01 : Flight

5.1K 976 159
                                    

NO EDIT










Irene menghempaskan tubuhnya secara nyaman di kursi penumpang setelah membereskan barang bawaannya di bagasi kabin. Menoleh sejenak ke arah jendela untuk melihat suasana malam dengan beberapa bintang yang bertaburan di langit.

Bukan perkara mudah untuk Irene mau kembali ke negaranya dan berhadapan dengan anggota keluarganya nanti. Dia benar-benar mempertimbangkan keputusannya selama seminggu sampai akhirnya dia memutuskan untuk datang menghadiri acara ulang tahun keponakan kesayangannya itu.

Irene membangun keberanian diri secara perlahan.

Citranya di keluarga sendiri sudah buruk. Seorang Henri bahkan tidak mau mengakui Irene sebagai putrinya di hadapan keluarga sebab Irene dinilai sudah mencoreng nama baik keluarga dengan secara terang-terangan menentang perjodohan yang terselubung pernikahan bisnis itu.

Jika mengingat akan salah satu hal yang melatar belakangi kenapa Irene memilih untuk pergi ke negara orang, kepalanya otomatis akan terasa berat. Helaan nafas pelan dia lakukan sebelum mengencangkan sabuk pengaman dan mencari posisi nyaman untuk terpejam.

Perjalannya jauh dan akan memakan waktu cukup lama di udara nanti.

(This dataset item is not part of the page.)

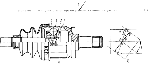 При наклоне одного из валов 5 на угол верхний шарик выталкивается из сужающего пространства канавок вправо, а нижний шарик перемещается сепаратором влево. Центры шариков всегда находятся на пересечении осей канавок. Это обеспечивает их расположение в биссекторной плоскости, что является условием синхронного вращения валов.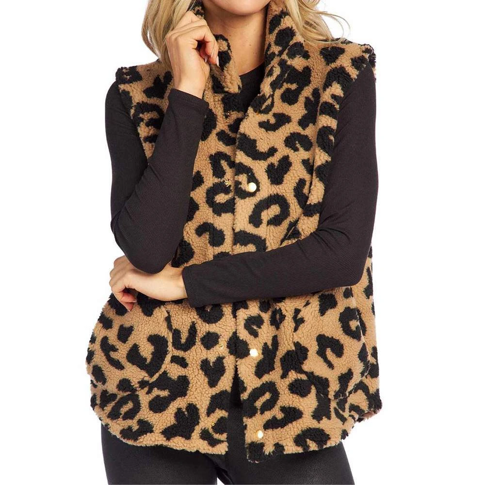 Sherpa vest features front pockets and gold metal snap front closure. Measures approximately 25″ from shoulder to hem on size small.

Irene harus mempersiapkan fisik dan juga psikisnya.

🕘

PLAK!












"PAPA!".

Irene hanya bisa menunduk saat tamparan kedua mendarat di pipinya. Mama-nya sendiri sudah merasa khawatir bukan main dengan kondisi putri sematawayangnya.

Genggaman terhadap tas tangannya mengerat. Pandangannya secara perlahan dia naikkan untuk balas menatap Papanya yang sudah menatap dengan kilat amarah, nafas pria paruh baya itu bahkan sudah terlihat memburu. Sang Istri berusaha keras untuk meredam amarah suaminya.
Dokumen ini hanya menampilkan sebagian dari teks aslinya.